Abstract
The study highlights the significant changes in respiratory virus epidemiology following the lifting of COVID-19 restrictions. Method: In this single-centre retrospective study, the virological readouts of adenovirus (AdV), influenza virus A (IAV), influenza virus B (IBV), parainfluenza viruses (PIV) 1, 2, 3, 4, respiratory syncytial virus (RSV), and coupled enterovirus and rhinovirus (EV/RV) were extracted from the respiratory specimens of paediatric patients in Hong Kong from January 2015 to February 2024. The subjects were stratified into five age groups. Results: The study included 18,737 and 6001 respiratory specimens in the pre-COVID-19 and post-COVID-19 mask mandate period, respectively. The mean age of hospitalised patients increased from 3.49 y ± 0.03 y to 4.37 y ± 0.05 y after the COVID-19 lockdown.
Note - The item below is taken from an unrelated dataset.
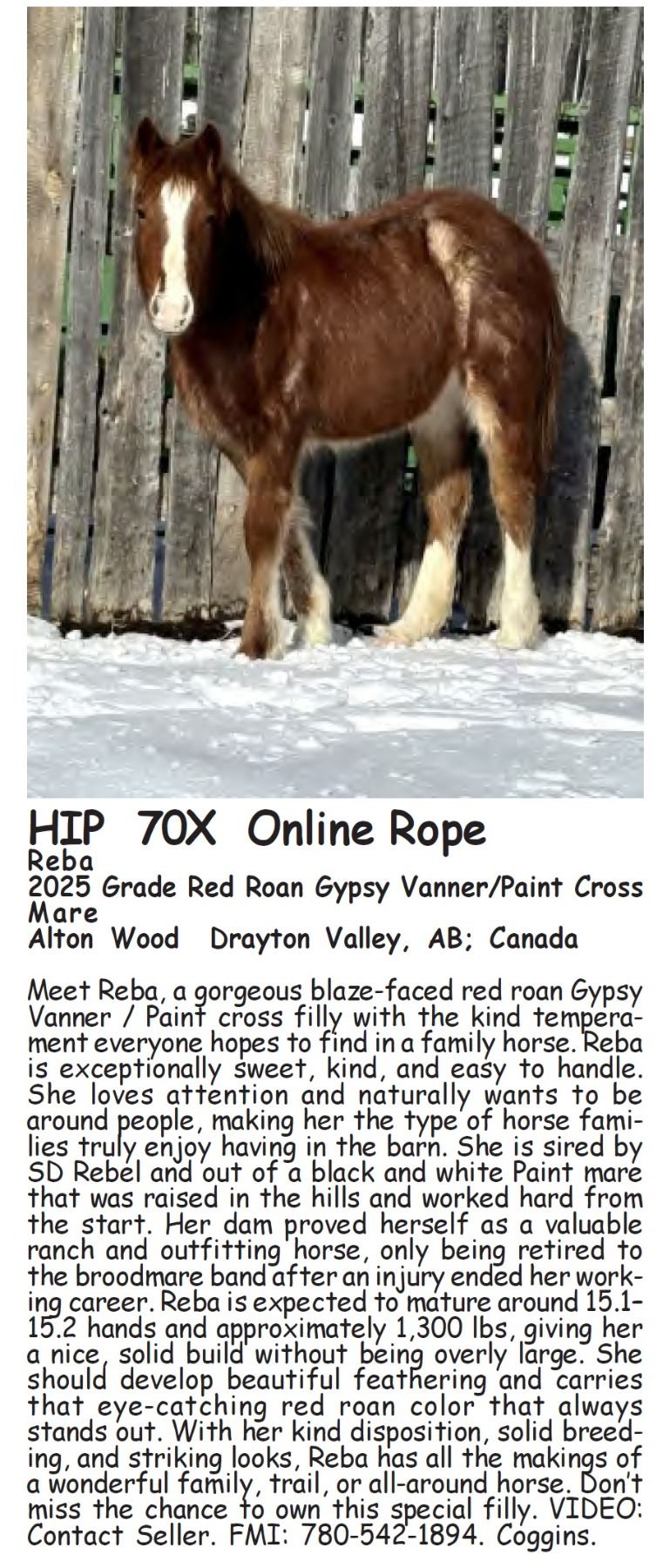 Reba - 2025 Grade Red Roan Gypsy Vanner/Paint Cross Mare - Alton Wood, Drayton Valley, AB; Canada - Meet Reba, a gorgeous blaze-faced red roan Gypsy Vanner / Paint cross filly with the kind temperament everyone hopes to find in a family horse. Reba is exceptionally sweet, kind, and easy to handle. She loves attention and naturally wants to be around people, making her the type of horse families truly enjoy having in the barn. She is sired by SD Rebel and out of a black and white Paint mare that was raised in the hills and worked hard from the start. Her dam proved herself as a valuable ranch and outfitting horse, only being retired to the broodmare band after an injury ended her working career. Reba is expected to mature around 15.1–15.2 hands and approximately 1,300 lbs, giving her a nice, solid build without being overly large. She should develop beautiful feathering and carries that eye-catching red roan color that always stands out. With her kind disposition, solid breeding, and striking looks, Reba has all the makings of a wonderful family, trail, or all-around horse. Don’t miss the chance to own this special filly. VIDEO: Contact Seller. FMI: 780-542-1894. Coggins.

The rates of single-virus infection and co-infection were significantly higher in the post-COVID-19 mask mandate period. The odds ratio for AdV for all age groups (OR: 4.53, 4.03, 2.32, 2.46, 1.31) and RSV in older children from 3 years old and above (OR: 1.95, 3.38, p < 0.01) were significantly elevated after the COVID-19 outbreak. Conclusions: Our findings suggest that public health measures to contain COVID-19 may have unintended consequences on children’s natural exposure and immunity to other respiratory viruses, potentially increasing their morbidity in the post-pandemic era.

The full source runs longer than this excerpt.